Mitchell J. Blutt is an American physician-businessman, and one of the first physicians to play a prominent role on Wall Street by drawing on his medical training to identify investment potential in healthcare companies. He is the founder and CEO of the New York-based healthcare investment firm Consonance Capital and a former Executive Partner of J.P. Morgan Partners. He is also a Clinical Assistant Professor of Medicine in the Department of Medicine at Weill Cornell Medicine and the Graduate School of Medical Sciences of Cornell University.

Physician-businessman
A 1978 summa cum laude graduate of the University of Pennsylvania, Blutt created his own undergraduate course of study, the precursor to the biological basis of behavior major. As a graduate of the University of Pennsylvania School of Medicine (1982) he completed his medical residency at the New York Hospital/Cornell Medical School (1985).
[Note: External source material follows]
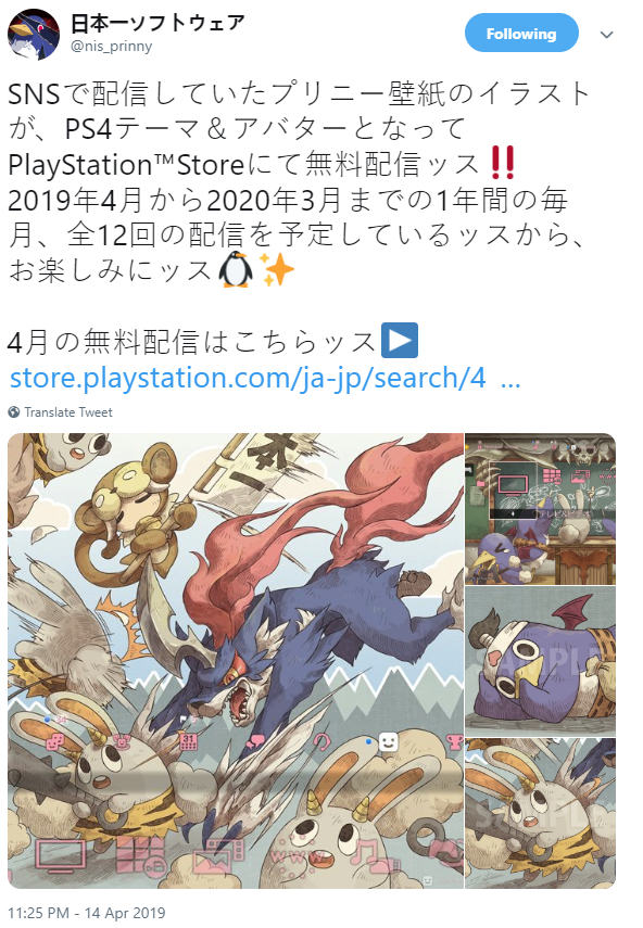 根据《魔界战记》系列开发商日本一的推特消息,在2019年4月~2020年3月期间,将会每月免费提供《魔界战记》吉祥物“普利尼”的PS4主题和头像。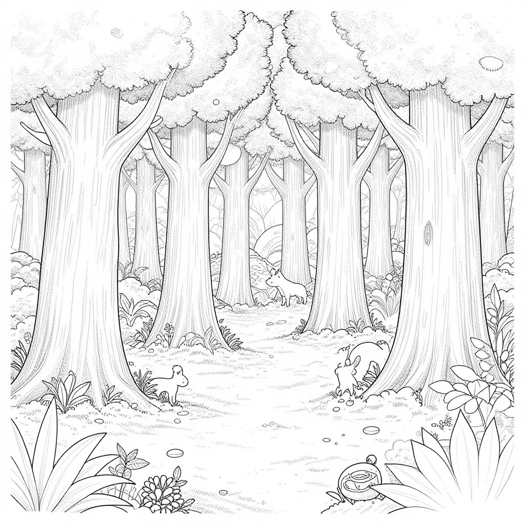 This black-and-white line drawing depicts a dense forest scene. Tall, thick trees with textured bark and wide, sturdy trunks dominate the background, their canopies forming a leafy, slightly overlapping roof. In the foreground, a variety of plants and small shrubs with detailed, individual leaves and flowers are scattered across the forest floor. The forest path, subtly indicated by a slightly lighter line, winds through the center, leading the eye deeper into the scene. The drawing uses clean, precise lines and a consistent thickness, creating a detailed yet simplistic and elegant illustration.

He held the Robert Wood Johnson Foundation Clinical Scholars Fellowship at Penn while simultaneously receiving his MBA from Wharton (1987). Blutt was hired in 1987 by what became J.P. Morgan Partners. During his 18-year career there he was involved in finding and negotiating acquisitions, primarily in the healthcare industry.

Medicine and business
From 1987 to 1999, Blutt spent four days at his investment office and one day a week at Cornell University Medical Center to teach and tend to patients. He cites his access to a network of medical professionals whose judgment he trusts as an advantage and that companies are often reassured when a physician is involved in negotiations for healthcare related investments.

Consonance Capital
Blutt remains a Clinical Assistant Professor of Medicine at Weill Cornell Medicine. In 2005 he founded Consonance Capital, an investment firm focused on equity investments in the healthcare industry. Consonance Capital went into business in 2005 investing in stocks of small public health-care companies. The hedge fund is managed by Consonance Capital Management. Blutt's original partners in the hedge fund are Dr. Benny Soffer and Kevin Livingston.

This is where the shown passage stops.